Tüm bunlar, NATO’nun Japonya’da bir “irtibat ofisi” açma planları ile daha da yoğunlaştı. Fransa Cumhurbaşkanı Macron, bunun artık bir anlam ifade etmeyecek kadar aşırı olduğu gerekçesiyle bunu reddediyor. Japonya’nın kendisi bu fikre pek hevesli görünmüyor ve Çin gözle görülür şekilde öfkeliydi. Bu öneri, NATO Genel Sekreteri Stoltenberg’in Şubat ayında Japonya’ya yaptığı ziyareti ve “Avrupa-Atlantik ve Hint-Pasifik bölgelerinin güvenliği yakından bağlantılıdır ve Japonya ile NATO arasındaki işbirliğini daha da güçlendirme gereğini vurgulamaktadır” diyen ortak bir bildiriye imza atmasının ardından geldi.
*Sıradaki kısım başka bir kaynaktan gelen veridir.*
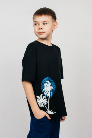 Футболка для мальчика свободного силуэта (оверсайз) с коротким рукавом. Горловина круглая, обработана воротником из рибаны. Низ изделия и рукава обработан швом вподгибку. На полочке принт шелкография. Надпись переводится как Под пальмой.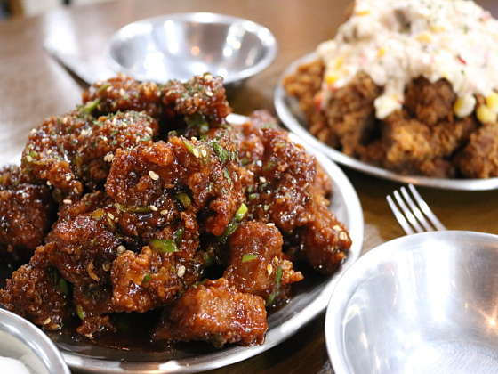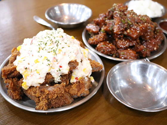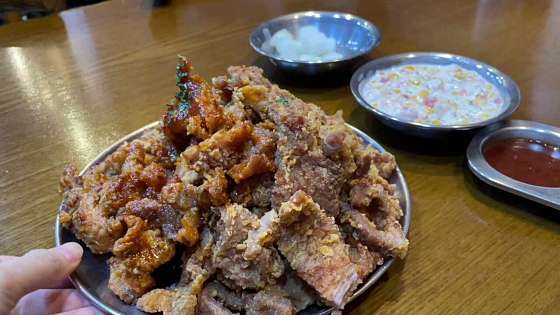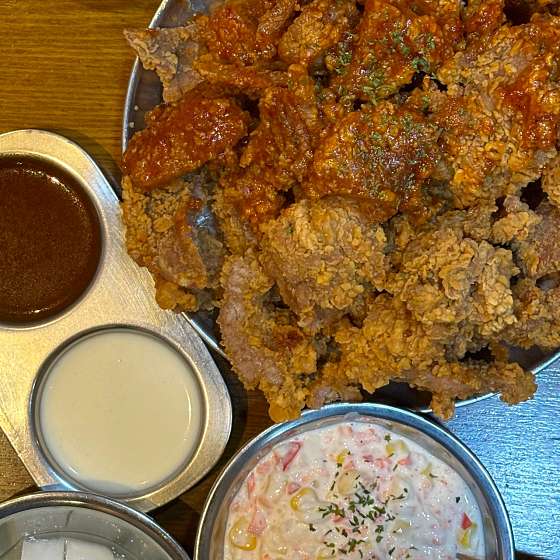 쓰가의 도시 푸싼에서 새롭게 뜨는 명물 아임니까. 양념은 3분카레급으로 눅눅해지므로 후라이드로만 포장해서 찍먹 춪쳔ㅋ 돼.갈 반반 중 후라이드 양념 , 콘샐러드 돼지 갈비부위라 부드럽고 맛있는데 먹다보면 물려요. 맥주랑 술안주처럼 먹거나 포장해서 집이나 숙소에서 두고 먹기 좋을 거 같아요. 내부가 협소해서 웨이팅 필수일 거 같습니다. 콘샐러드는 물리는 돼지갈비 먹을 때 새로운 변주를 주는 느낌은 아닌 거 같아요.. 음료나 술이 필수인 맛입니다.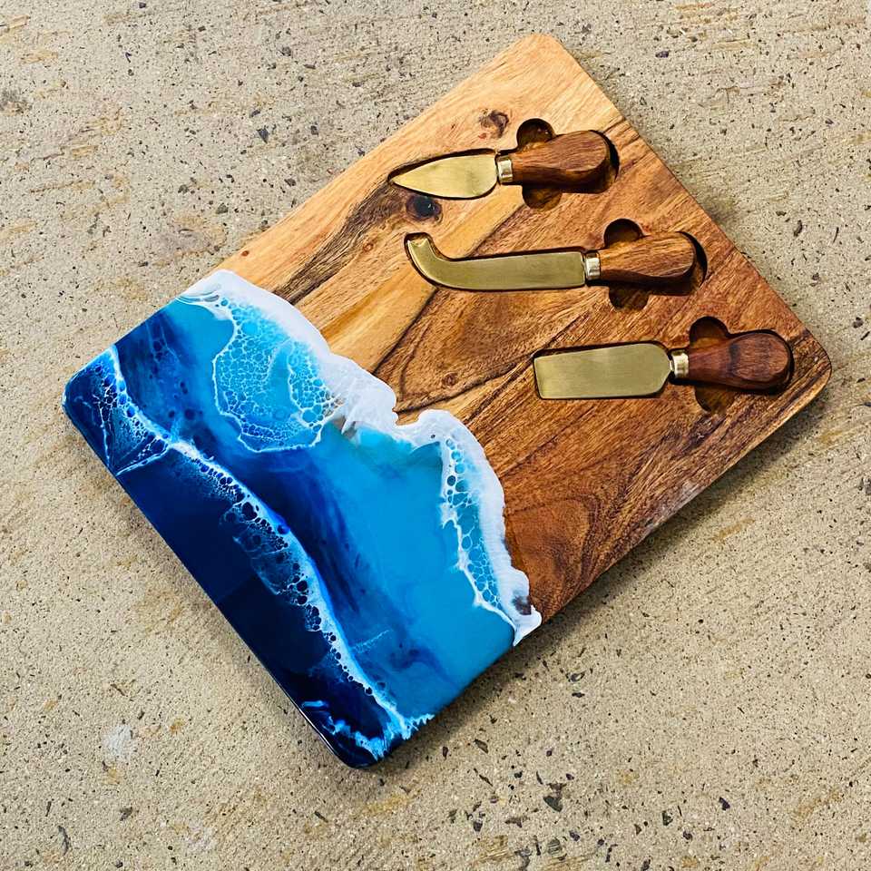 เขียงไม้ชีสสวยงาม2023มีแถบงานทำจากเรซิ่นไม้ไผ่สำหรับตัดผักและตัดชีสสำหรับห้องครัว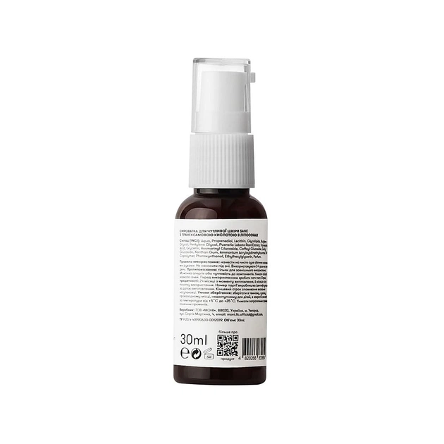 Сироватка для чутливої шкіри з транексамовою кислотою в ліпосомах від бренду Sane покликана заспокоювати та освітлювати лице, усувати подразнення чи прояви куперозу. Засіб забезпечує миттєву дію завдяки ліпосомам, що здатні проникати в найглибші шари шкіри. Сироватка допомагає боротися з розацеа та куперозом, гіперчутливістю й сухістю обличчя. Для кращого ефекту засіб можна комбінувати із захисним кремом для обличчя від Sane.

Ayrıca üst üste ikinci kez Vilnius Zirvesi’ne katıldılar. Hepsi Asya-Pasifik bölgesindeki (AP4) NATO ortaklarıdır, ancak şimdi Nikkei Asia’nın söylediğine göre yeni Bireysel Olarak Uyarlanmış Ortaklık Programına (ITPP) geçiş yapacaklar. Başka bir deyişle, yalnızca merkez merkezli bir modelden ziyade, bölgesel müttefikleri konuşucuya bir modelde bağlama girişimi. İkilinin ne müzakere edeceği henüz belli değil ve Avustralya o zamandan beri “daha iddialı” bir ortaklık hedeflediğini söyledi.

Tüm bunlar NATO’yu Hindistan’ın kıyılarına çok daha yaklaştırıyor, hatta Dışişleri Bakanlığı Güney Çin Denizi’ndeki tutumunu kurnazca değiştirip Pekin’i hükümsüz olduğunu söylediği 2016 kararına uymaya çağırıyor. Analistlerin belirttiği gibi, Hindistan geçmişte özellikle korsanlık konusunda NATO ile kapsamlı bir şekilde çalıştı ve NATO’nun yakın zamana kadar Çin ile daha da fazla etkileşimi oldu. ‘Alakart’ olan yeni bir menü ile Delhi artık siber güvenlik ve denizcilik bilinci gibi kilit konuları NATO yapılarıyla tartışma fırsatına sahip, ancak kuşkusuz eşsiz bir konum olacağı kabul edilen resmi bir ortaklık gündeminden uzak. Bu mümkün. Soru, Moskova da dahil olmak üzere çeşitli başkentlerdeki diplomatik çabaya değip değmeyeceğidir. Pekin’in görüşlerinin dikkate alınmasına gerek yok çünkü şimdiye kadar NATO ile müzakerelere girmekten veya Washington ile on yıllardır süren ilişkisinden büyük paralar kazanmaktan çekinmedi. Bu avantajlardan yararlanma sırasının Hindistan’da olabileceği doğrudur; ancak Hint-Pasifik’te artan gerilimlerle uyumlu değil ve NATO gündeminin genişletilmesinin altını çiziyor. İşte sorun bu. Kârla barış zor bir eylemdir. Washington bir zamanlar bunu başardı, ancak şimdi sendeliyor. Delhi için bu, hiçbirinin başarılamadığı anlamına gelebilir.

Bu makale, Yeni Delhi Barış ve Çatışma Çalışmaları Enstitüsü’nden Seçkin Araştırmacı Tara Kartha tarafından yazılmıştır.